El Tourmalet
Las interminables colas para inscribirte en un hotel

El Tourmalet por Sergi López Egea. / REDACCIÓN

Lo de los registros en la recepción de los hoteles en España es como un vía crucis que debes pasar cada tarde, una cola interminable de personas que tiene que apuntarse una a una mientras se les pide hasta la partida de nacimiento antes de recibir la tarjeta de la habitación. Los registros online no aportan nada para agilizar este trámite y, cuando eres el último que llegas, más vale que te llenes de paciencia y que pidas que te guarden el sitio a algún bonachón o bonachona que tengas por detrás de ti si por casualidad tienes que correr al baño con cierta urgencia.

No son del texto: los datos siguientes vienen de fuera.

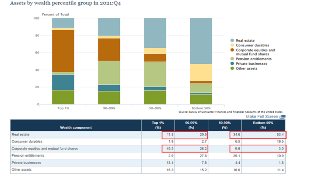 Na początku kwietnia Bill Dudley, czyli były członek Federalnego Komitetu ds. Otwartego rynku i jednocześnie były szef oddziału Fed w Nowym Jorku wystraszył inwestorów mówiąc, że w celu zduszenia inflacji, Fed będzie musiał wywołać spadki na rynku akcji (wypowiedzi można posłuchać tutaj). Chodziło mu o sprowokowanie tzw. efektu majątkowego, czyli w skrócie: aby Amerykanie mniej wydawali, muszą poczuć się biedniejsi (mniejsze wydatki to z kolei perspektywa niższej inflacji). W rozumowaniu Dudleya było jednak jedno niekoniecznie trafne założenie, że ogół społeczeństwa posiada znaczną część swojego majątku ulokowaną w akcjach, więc to właśnie „kanałem giełdowym” najlepiej jest wpływać na poczucie zamożności Amerykanów.

Algunos hoteles eternizan la espera entre que hacen la fotocopia del carnet de identidad, te preguntan el teléfono móvil personal, el correo electrónico y si la dirección que figura en tu documento es la correcta. Van pasando los minutos. Encima, ahora, se ha puesto de moda cobrar por anticipado, aunque tengas la habitación pagada, por servicios como la plaza de aparcamiento del coche. De este modo, la inscripción se demora un rato más al anotar el número de matrícula del vehículo.
No es la cola para un concierto
Empiezan a llegar personas acreditadas en la Vuelta, el vestíbulo se llena de gente que, más que tener cierta prisa de llegar a la habitación, parece que estén haciendo cola para conseguir una entrada y asistir a un concierto de Taylor Swift.

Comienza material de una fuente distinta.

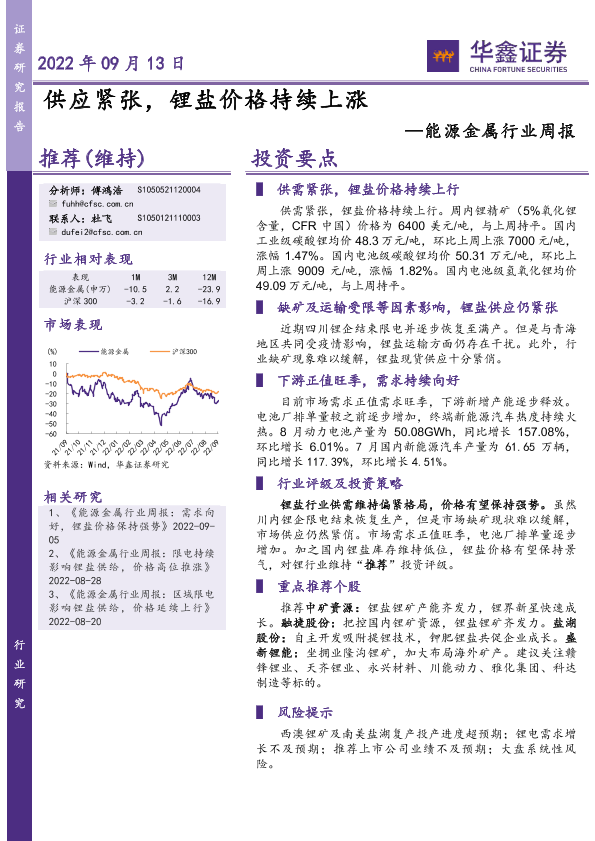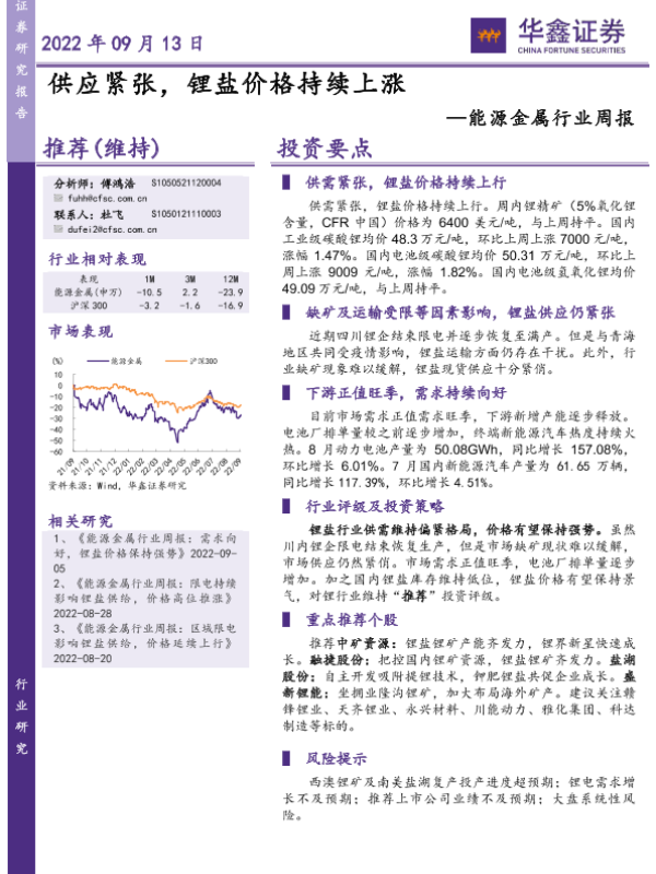 【华鑫证券】【20220913】20220913-华鑫证券-能源金属行业周报:供应紧张,锂盐价格持续上涨-12页

En ocasiones te preguntas si ocurre algo en el establecimiento, un desalojo, una urgencia de última hora, por lo que si vas por libre agradeces que por una noche el hotel que ocupas esté al margen de los oficiales que emplea la carrera, más de 2.000 camas todos los días.
Si tienes la experiencia que te da cada mes de julio viajar por Francia - en algunos aspectos superan a las costumbres locales españolas- te preguntas qué pasaría si en los hoteles ubicados al norte de los Pirineos fueran tan escrupulosos con el doble de personas desplazadas al Tour y formándose colas en las recepciones, que sólo conducirían a escuchar de nuevo la peor frase que te pueden decir en la puerta de un restaurante. “Désolée, la cuisine est fermée” (lo siento, la cocina está cerrada).
Con la tarjeta de crédito es suficiente
En Francia, como mucho, te piden la garantía de la tarjeta de crédito por si tienes la mala costumbre de marcharte del hotel sin pagar, algo que no es recomendable en ningún lado ni país del mundo mundial.
Las autoridades locales, acertadas en otros aspectos sociales, deberían tomar nota de que no hace falta crear una ficha casi policial para inscribirte en un hotel cuando supuestamente tienes libertad, sea por cuestiones turísticas, profesionales o deportivas, de moverte de un lado a otro sea para seguir una carrera ciclista, ir a la playa, subir por el monte o darte un homenaje con fines gastronómicos.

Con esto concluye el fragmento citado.